(Beginning of Recorded data)

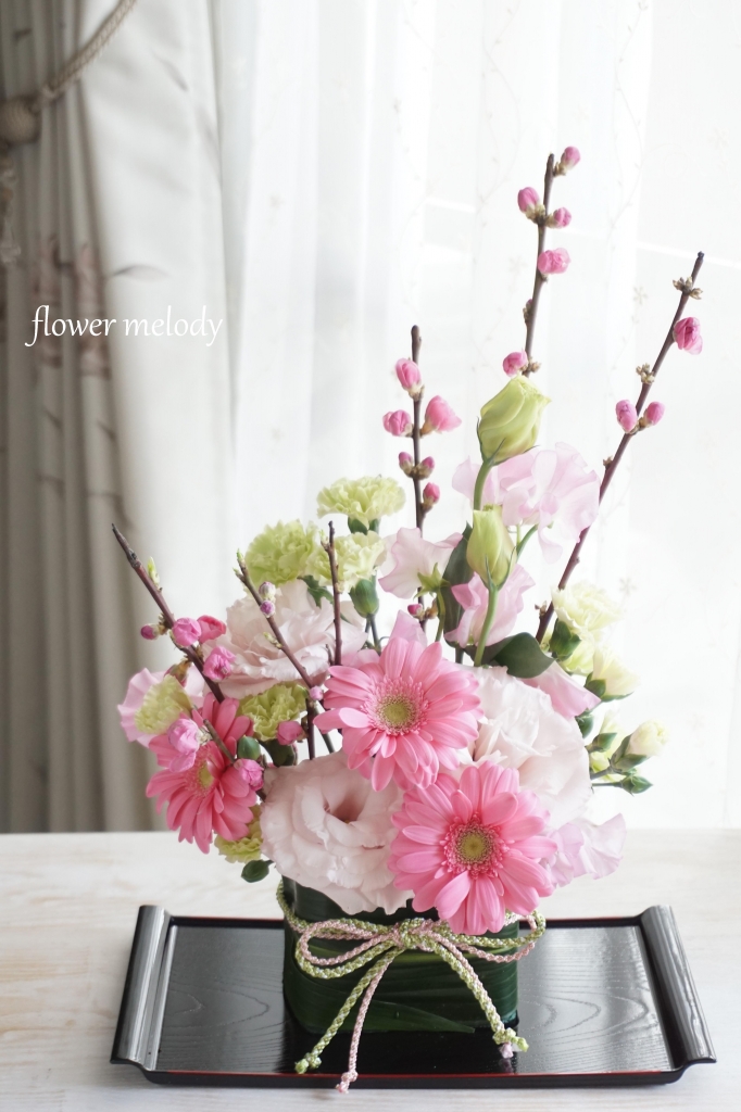 by miyako 先日土曜日のレッスンご報告です。 ひな祭りアレンジ、今回は少し濃いめのピンクで。 レッスンのお花(生花)を選ぶ際に この色もこの色もいいけど、どちらかに決めなくては・・・という時 生徒さんのイメージや好みを参考に選ぶ時があります。 こちらの生徒さんはピンクが大好きで、中でも明るいピンクのイメージ。 なので、やはりこのガーベラです。 スッキリと、バランス良く完成いたしました。 by kyoko ...
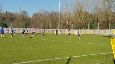 El entrenamiento se dividió en dos equipos, uno de naranja y otro de amarillo. Los de naranja tuvieron varias charlas con el entrenador, dando pistas de que este podría ser el elegido para jugar esta jornada. Las posiciones en el centro del campo y en la delantera no están claras, pero una defensa formada por Diegui, Varela, Christian, Verdés y David Fernández es clara candidata a ser la que veamos en Almería.
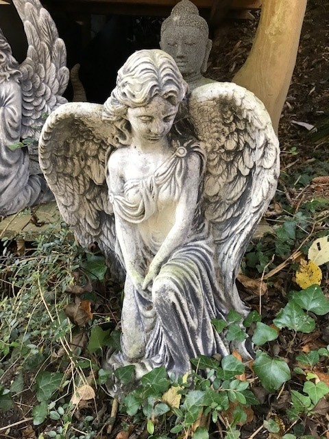 Durch seine Symmetrie und das fein gearbeitete Gewand geht von diesem Engelskind eine besondere Heiligkeit aus. Ihr wallendes Haar, die federreichen Flügel und die Haltung erscheinen wie ein kunstvolles Gemälde. Ob im Innen- oder Außenbereich, dieser Engel erschafft eine besondere Atmosphäre der Erhabenheit. Je nach Platzierung kann man ihre Wirkung individuell verändern. So wirkt sie halb versteckt zwischen dichten Pflanzen wie eine vergessene, geheimnisvolle Statue umgeben von einem magischen Zauber.

(End of Recorded data)

Restate the data above verbatim, skipping every image.

→ Your solution
 by miyako 先日土曜日のレッスンご報告です。 ひな祭りアレンジ、今回は少し濃いめのピンクで。 レッスンのお花(生花)を選ぶ際に この色もこの色もいいけど、どちらかに決めなくては・・・という時 生徒さんのイメージや好みを参考に選ぶ時があります。 こちらの生徒さんはピンクが大好きで、中でも明るいピンクのイメージ。 なので、やはりこのガーベラです。 スッキリと、バランス良く完成いたしました。 by kyoko ...
 El entrenamiento se dividió en dos equipos, uno de naranja y otro de amarillo. Los de naranja tuvieron varias charlas con el entrenador, dando pistas de que este podría ser el elegido para jugar esta jornada. Las posiciones en el centro del campo y en la delantera no están claras, pero una defensa formada por Diegui, Varela, Christian, Verdés y David Fernández es clara candidata a ser la que veamos en Almería.
 Durch seine Symmetrie und das fein gearbeitete Gewand geht von diesem Engelskind eine besondere Heiligkeit aus. Ihr wallendes Haar, die federreichen Flügel und die Haltung erscheinen wie ein kunstvolles Gemälde. Ob im Innen- oder Außenbereich, dieser Engel erschafft eine besondere Atmosphäre der Erhabenheit. Je nach Platzierung kann man ihre Wirkung individuell verändern. So wirkt sie halb versteckt zwischen dichten Pflanzen wie eine vergessene, geheimnisvolle Statue umgeben von einem magischen Zauber.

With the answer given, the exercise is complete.